Key results: In the prevention protocol, FL-926-16 significantly attenuated increases in creatinine (-80%), albuminuria (-77%), proteinuria (-75%), mean glomerular area (-34%), fractional (-40%) and mean (-42%) mesangial area in db/db mice. This protective effect was associated with a reduction in glomerular matrix protein expression and cell apoptosis, circulating and tissue oxidative and carbonyl stress, and renal inflammatory markers, including the NLRP3 inflammasome. In the regression protocol, the progression of DN was completely blocked, although not reversed, by FL-926-16. In cultured mesangial cells, FL-926-16 prevented NLRP3 expression induced by RCS but not by the AGE Nε -carboxymethyllysine.
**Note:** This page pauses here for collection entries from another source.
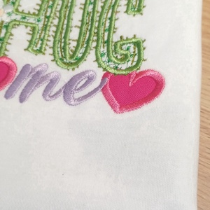 Hímzett, kaktuszos 'ölelj meg!' mintával ellátott, 100% pamut body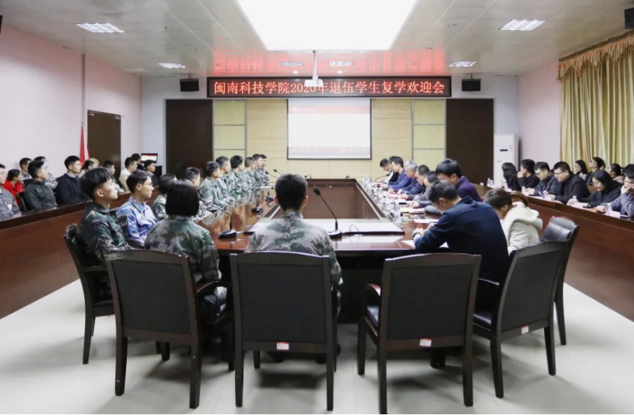 12月16日下午,乐鱼网页版登录入口_乐鱼(中国)召开2020年退伍学生复学欢迎会暨2021年春季征兵工作动员大会。校领导李旭、林树生,人民武装部、宣传部、教务处、学工处、团委等职能部门负责人,各二级学院党总支负责人、辅导员及退伍学生代表共60余人参加大会。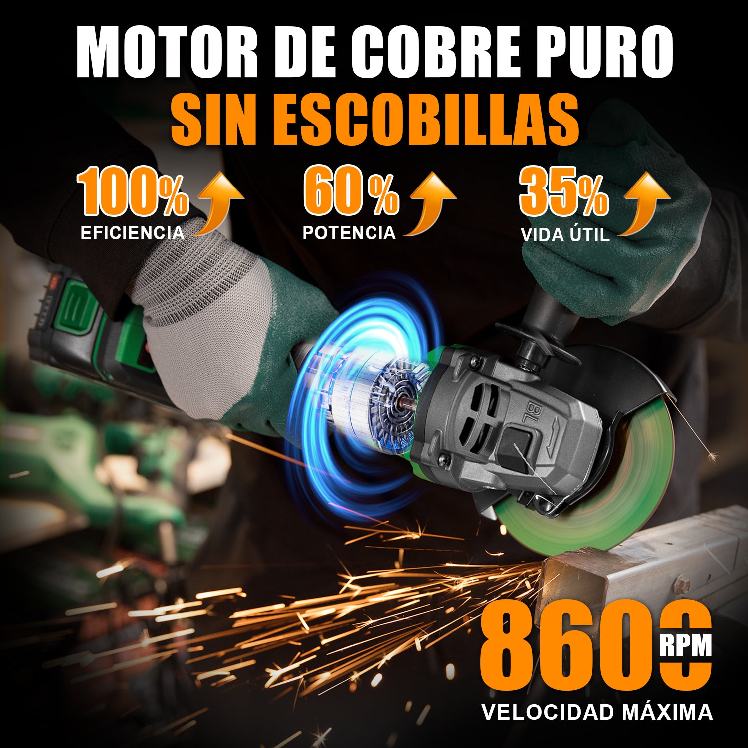 Esmeriladora Angular Inalámbrica 4-1/2 Sin Carbones Anirona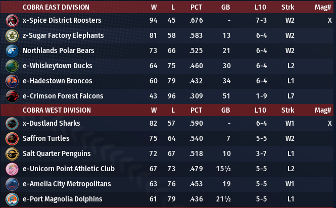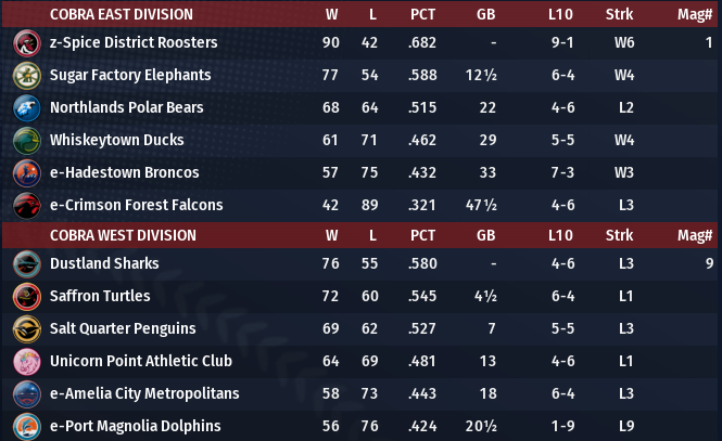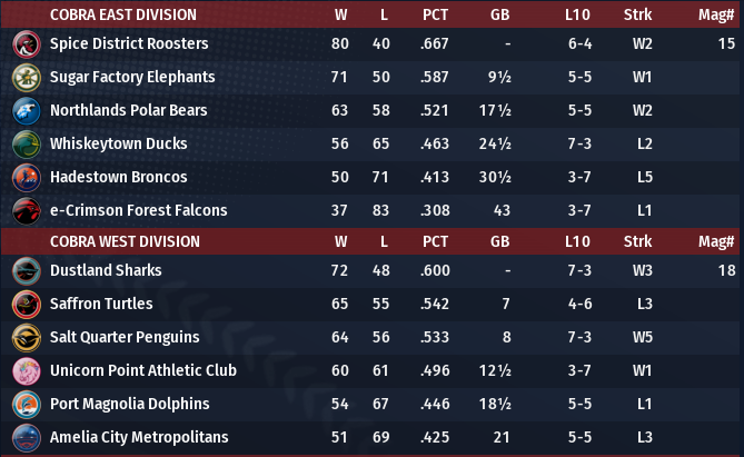 Today, the Whiskeytown Ducks accepted their fate as they were mathematically eliminated. Preseason predictions put them at dead even: 72-72, an impossible mark to achieve for them now as they sit at 62-73. It started off with a bang, 16-13 to kick the year off in March & April. Catcher Joel de Vries was so good, that he got batter of the month but the wheels fell off after that. They went 9-20 in May with de Vries injured late in the month. They lost their early momentum and after losing their best player they finished off the rest of the year 37-40. The bats remained sharp without de Vries, Vladik Zavalin was an absolute force to be reckoned with at First Base. He's currently third in home runs (46) and tied for first in RBIs (126). Plus strong contributions from J.R. Shouse and Gavin Utter. They also unearthed a gem at lead-off with Thad Pardue who leads the league in stolen bases (39, only caught 4 times). Pitching was a problem. Logan Phillips won a trip to the All-Star game but his 4.30 ERA translated to a 8-16 record. That'll need to be the focus for next season if they can hold onto their hitters. August 29, 1920 The Polar Bears haven't given up the fight as the media focuses in on the Turtles and Penguins fight for the last wildcard spot. They took down the league leading Spice District Roosters in an emphatic 13-3 win. Jon Jackson's two home runs in this game also took him to 50 for the season. He's still got a fair bit of heat for the home run title though, Odin Bendig (Spice District) is on 48 and Vladik Zavalin (Whiskeytown) is on 46. ![]() The Turtles and Penguins both suffered a loss today and all of a sudden we've got the Turtles on 73-64, Polar Bears on 72-66, and Penguins on 71-66. Only one spot left as the Sugar Factory Elephants and Dustland Sharks have clinched their spots along with the Roosters. Butts are getting clenched in these clubhouses. August 31, 1920 The Unicorns got smacked around by the Turtles 13-2 today which has spelled the end of their mathematical chance. Preseason predictions had them at 71-73... and they've pretty much achieved that though in all probability they'll end up slightly under. Losing star 3B Dennis Sullenger in early June about doomed them. At that point they'd put up a good record. They were in line for a wildcard spot and everything but Sullenger's injury threw the club into a depression that saw them go 9-16 in June and rendered playoff hopes as a pipe dream. If they had any hope of all, it came from two of their starting pitchers: Tijs Oudenkerk and Liam Schmitt. Oudenkerk could transform into an unhittable beast at times as evidenced by the time he got 17 strikeouts in a game... and then did it again a month later. Out of 35 games that Oudenkerk started, he got 10 or more K's in 15 of them. Unfortunately this brilliance was countered by off nights. There will be days he gives up multiple runs and there's little the rest of the team can do. Ultimately Oudenkerk has a 15-14 record, 3.56 ERA, 1.34 WHIP and 314 K's. Schmitt was a much more level force, he currently sits at an 18-11 record, 3.43 ERA, 1.12 WHIP, and 226 K's. Number one priority for Unicorn management will be to resign 1B Kyle Lownes -- who was their most productive hitter aside from Sullenger and get a decent bullpen behind Oudnekerk. Standings at the end of August. The Turtles are now in a prime position to get that final spot. They've got five games left, with four of them against Salt Quarter. These will be must-win games as the Polar Bears have two games against Hadestown and three against Whiskeytown to finish the season off. ![]()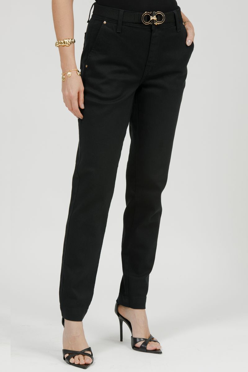 Calça skinny e caracterizada por ser super ajustada ao corpo, desde a cintura até os tornozelos.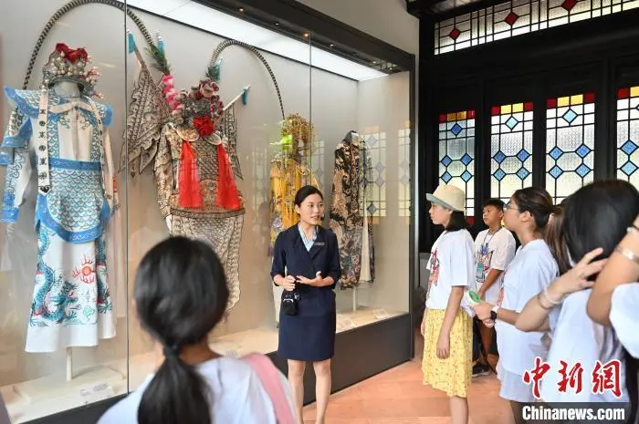 7月15日,首届穗港澳青少年粤剧文化夏令营在广州开营。图为青少年在粤剧艺术博物馆参观。 中新社记者 陈楚红 摄
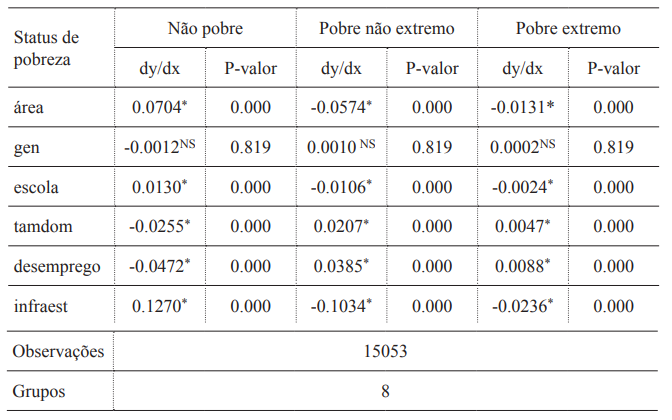 Com relação às demais variáveis de controle, observa-se que residir na área urbana está associado com 7.04% maior probabilidade de estar acima da linha de pobreza, além de 5.74% menor probabilidade de estar abaixo da linha de pobreza não extrema e 1.31% de estar abaixo da linha de pobreza extrema. Esses resultados indicam que existe maior probabilidade de uma família ser pobre se residir na zona rural. No geral, a pobreza rural é mais intensa que a pobreza urbana devido a diferentes fatores, como o fato do rendimento do trabalho, serviços de saúde, de educação, acesso a bens de consumo e condições habitacionais serem mais precários, e estes problemas parecem não ter uma solução no curto prazo (Fortini et al., 2019).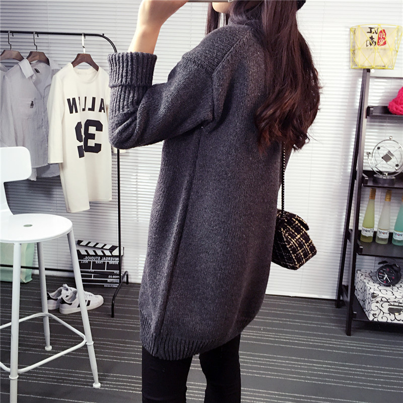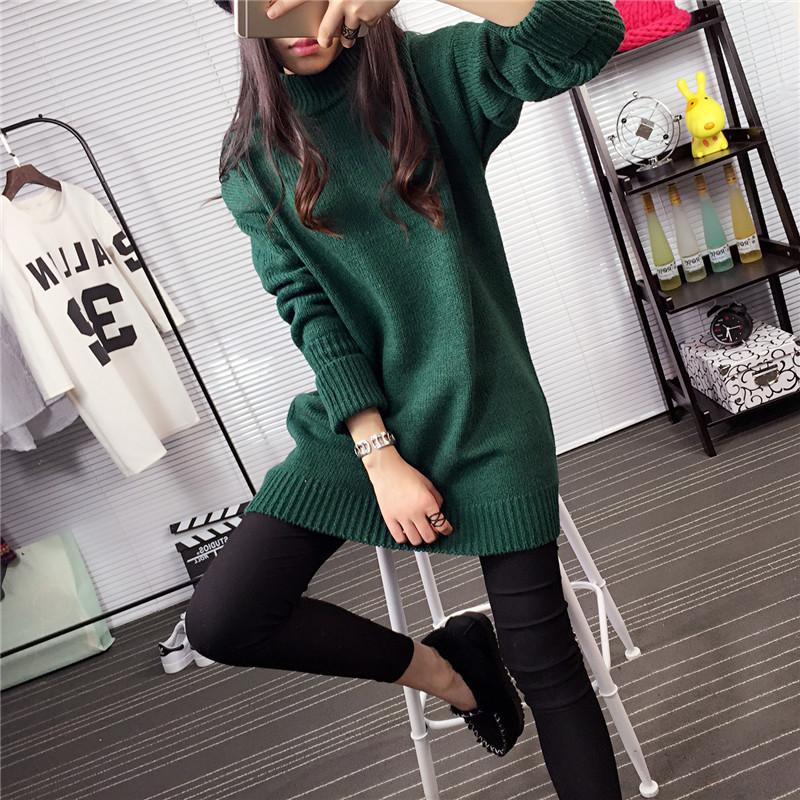 가을과 겨울 새로운 한국식 단색 니트 스웨터 여성용 느슨한 반 터틀넥 중간 길이 두꺼운 여성용 풀오버스토어 가기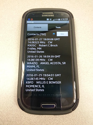 HamLog is great! It's easy to use and has a lot of features. If I'm not in a pileup situation (ragchew mode, or even causal sprint operation), it's easy enough for me to type in my contacts. In a hectic pileup situation (think activating NPOTA or the Skeeter Hunt), where things are happening fast and furious, I get flustered a bit. I can start out logging on the cell phone, but inevitably, I end up getting fumble-fingered and have to resort to old school - paper and pencil. If I'm near a wi-fi source (I have a very limited monthly data allowance, so my data connection is always off), it will even look up the names and QTHs of the operators that I am currently working. I can easily export the log to an ADIF file, so that I can add my portable ops contacts to my main log on Log4OM.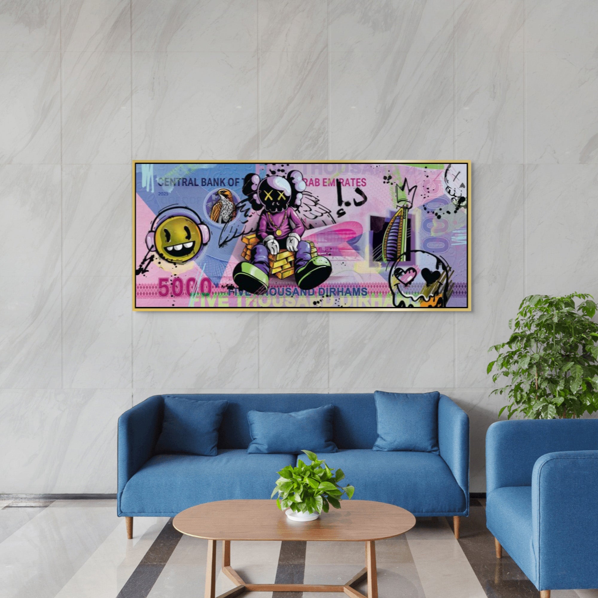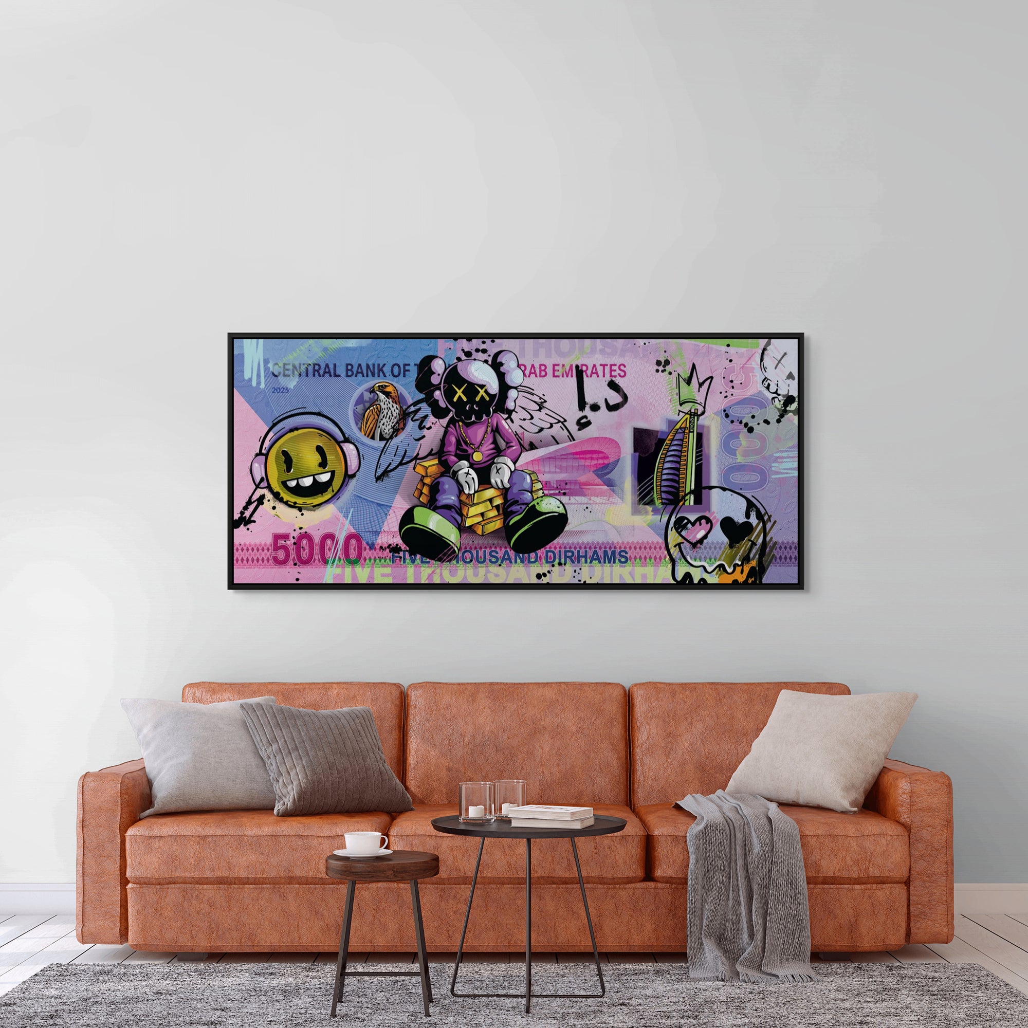 A bold reimagination of the AED 5000 note through a KAWS-inspired pop art lens. This custom artwork fuses local currency with global street culture—playful, rebellious, and instantly iconic. Ideal for eclectic, urban, or contemporary interiors that celebrate bold expression.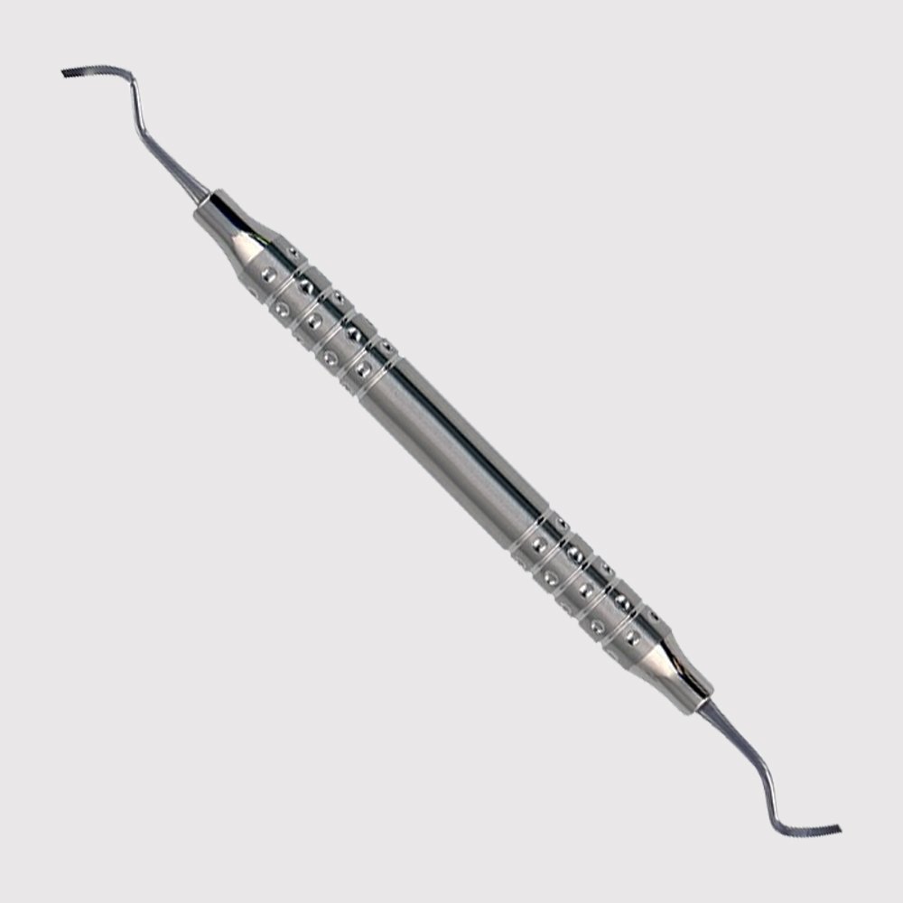 Margin Trimmer are used to make proper bevel on enamel margins made from stainless steel. Similar to a hatchet except the cutting edge angled and the blade is curved and these instruments are made from high-carbon stainless steel, then hardened for the ultimate in sharp edge retention and durability. Margin Trimmers are very unique, they have large diameter and light weight handle for maximum comfort, they are also used to reduced hand fatigue and increased control.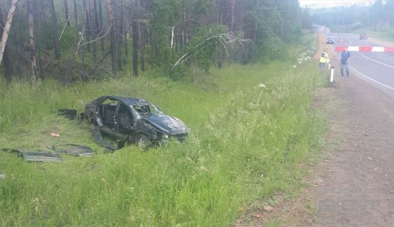 Автомобиль вылетел с проезжей части и перевернулся. Мужчина и его пассажирка госпитализированы с травмами различной степени тяжести.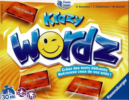 Krazy Wordz démontre qu'il est encore possible d'innover en matière de jeu d'esprit et de jeu de lettres. L'idée : tous les joueurs reçoivent un thème ou une définition (un dessert, une ville chinoise, le nom d'un bonbon, etc.), puis ils doivent créer un mot à partir de neuf lettres tirées au hasard, en espérant que les autres joueurs rapprocheront ensuite leur mot avec leur thème ou définition. Lors de la phase de vote, tous les thèmes et tous les mots sont exposés. À vous de trouver le plus de bonnes paires en espérant que les autres joueurs feront la liaison entre votre carte et le mot que vous avez créé. Il est possible de jouer entre amis ou en famille, y compris avec des enfants assez jeunes. Les moins de 10 ans seront peut-être gênés quand ils ne comprendront pas la carte qu'ils ont tirée, mais ils pourront en changer. Indispensable !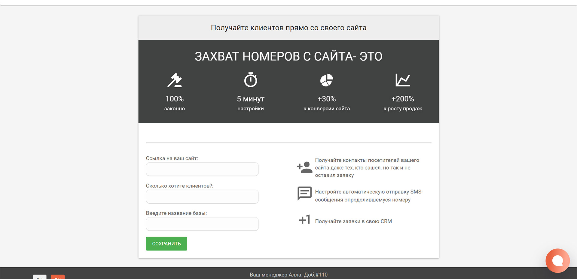 С помощью сервиса так же есть возможность получать данные тех, кто зашел на сайт, но не оставил заявку. Это позволяет сразу же отправить СМС посетителям сайта и повысить конверсию.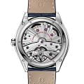 De Ville Trésor — современная интерпретация легендарной коллекции 1949 года, где традиции встречаются с инновациями. 40-мм корпус из нержавеющей стали с бриллиантовым безелемБезельВнешний ободок, закрепляющий стекло. В спортивных часах так называется поворотное кольцо с делениями на циферблате, выполняет роль таймера – замеряет отрезки времени на шкале. Неподвижный безель – элемент декора. Однонаправленно вращающийся безель на дайверских часах позволяет фиксировать моменты погружения и выныривания на поверхность. и синим кожаным ремешком воплощает изысканную простоту. Выпуклый синий циферблат с изящным узором украшен стрелками и индексами из белого золота18-каратное золотоОбозначение по каратной системе пробирования, оно показывает, сколько драгоценного металла содержится в изделии. 18 карат - в составе 75% чистого золота, соответствует 750 пробе.

Conclusion and implications: FL-926-16 is effective at preventing the onset of DN and halting its progression in db/db mice by quenching RCS, thereby reducing the accumulation of their protein adducts and the consequent inflammatory response. In a future perspective, this novel compound may represent a promising AGE-reducing approach for DN therapy.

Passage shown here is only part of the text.